The moot problem always involves a fictitious contractual dispute arising out of an international transaction relating to the sale of goods under the United Nations Convention on Contracts for the International Sale of Goods (CISG). The teams must analyse the problem, research and apply the relevant international law and prepare written memoranda for both claimant and defendant memoranda over the course of the summer months. Oral submissions are made over a week in Hong Kong: four general round-robin rounds, and then the knockout finals.
 
RMIT’s 2016-7 Vis team consisted of four JD students: Megan Clover, Olivia Dean, Elise Steegstra and Marc Zanier. Megan, Olivia and Marc competed in the Hong Kong oral rounds, while Elise was unable to travel due to pregnancy. The team acquitted themselves incredibly well, especially for RMIT’s inaugural team and without any prior knowledge of the competition. Producing over 70 pages of high quality written memoranda over the summer months – when friends and family were out having fun in the sun – was a really amazing team-effort. The intensity only increased from there!
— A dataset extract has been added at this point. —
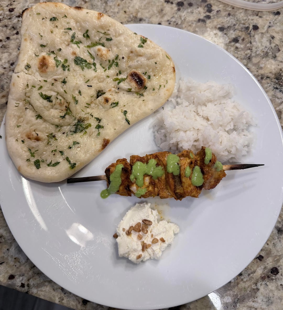 3. Chicken Tikka Kebabs with basmati rice, Naan (the only thing I didn’t make from scratch this week), and leftover Aji Verde and whipped feta.

The lead up to the oral rounds in Hong Kong was filled with refining our legal arguments and honing our advocacy skills.
 
One of the great features of the Vis competition is the collegiality and good-natured competition it engenders. This was illustrated by the many practice moots the team did with other Melbourne-based teams. Thank you Deakin, Victoria Uni, Monash and Latrobe for your sportsmanship!
 
The Vis competition is so much more than just another mooting competition. Pre-Moot Moot Competitions are held around the world in the lead up to it. This year, the Chartered Institute of Arbitrators-Australia Division held a pre-moot which RMIT’s team competed into.  Barristers, arbitrators and senior partners of top-tier law firms judged a full-day of healthy competition amongst local teams. 
 
Once we arrived in Hong Kong we had to promptly check in at Vis HQ, pick up some Vis swag (see left) and settle in for our four moots in the general round – against university teams from Germany, Thailand, China and India.  
 
Our RMIT team did really well. While many teams were better resourced, with more students and more institutional experience than ours, we held our own and “won” each of our moots. Each orallist received some great feedback on their performances and noticeably grew in confidence and skills. Indeed, a senior London-based commercial arbitrator with over three-decades of experience was so taken with the performance of one of our team that he awarded them a perfect score – 50 out of 50 for a moot. The arbitrator followed that up by inviting our student to London to work and study with him as his pupil. 
 
But the week in Hong Kong was not just filled with final preparations and our mooting performances, but also social and networking events, and some sightseeing too. We all made great connections and friendships that span the globe. As one of the students put it in recommending the experience to others:  ‘This experience has hands down been the best I have ever had. Thank you so much. The references and professional connections mean more than awards and commendations. The people you will meet are the best and brightest. Connections made during the Vis are invaluable to your future, as students and as future lawyers.’
 
As their coach, I am extremely proud of this team’s amazing efforts. They showed true grit, discipline, skill and depth of legal knowledge. Team members sacrificed a great deal; all of them have paid jobs, three have children of their own, and all undertook Vis voluntarily in addition to their JD studies. The team held their own against world-class, experienced competition.
 
Most pleasing for me as an educator, I think all team members gained an incredible amount from this “life-experience” and will take with them many cherished memories. All surpassed personal expectations and goals for the competition, learnt a lot about themselves, and for some, confirmed that they want to pursue careers in advocacy.
 
Big thanks must go to Amit Malik, Senior Advocate at Victoria Legal Aid and Dr. Rajesh Sharma from GUSS, RMIT for all their assistance in the final weeks leading up to the oral arguments. Their guidance and advice was invaluable.
 
On behalf of the team I want to thank GSBL the RMIT’s Global Mobility team for their financial and moral support. A big thank you also to the RMIT Law Students’ Society and their 2016 President Paul Melican for their leadership and vision in making this all possible.
 
Let me end this short review of RMIT’s first entry into the Vis completion with another comment from one of our Vis team:
’Professionally,  what an amazing opportunity to have! It is a lot of hard work but is extremely rewarding. From the moment you start to draft your first submission to sitting down to your first moot in Hong Kong. You have the opportunity to meet authors such as Scwhenzer and to be around some of the most brilliant legal minds in the world. The team we had this year was dynamic, the coach was dedicated and has the ability to bring out the best in each of the team members. Our team members too were brilliant.’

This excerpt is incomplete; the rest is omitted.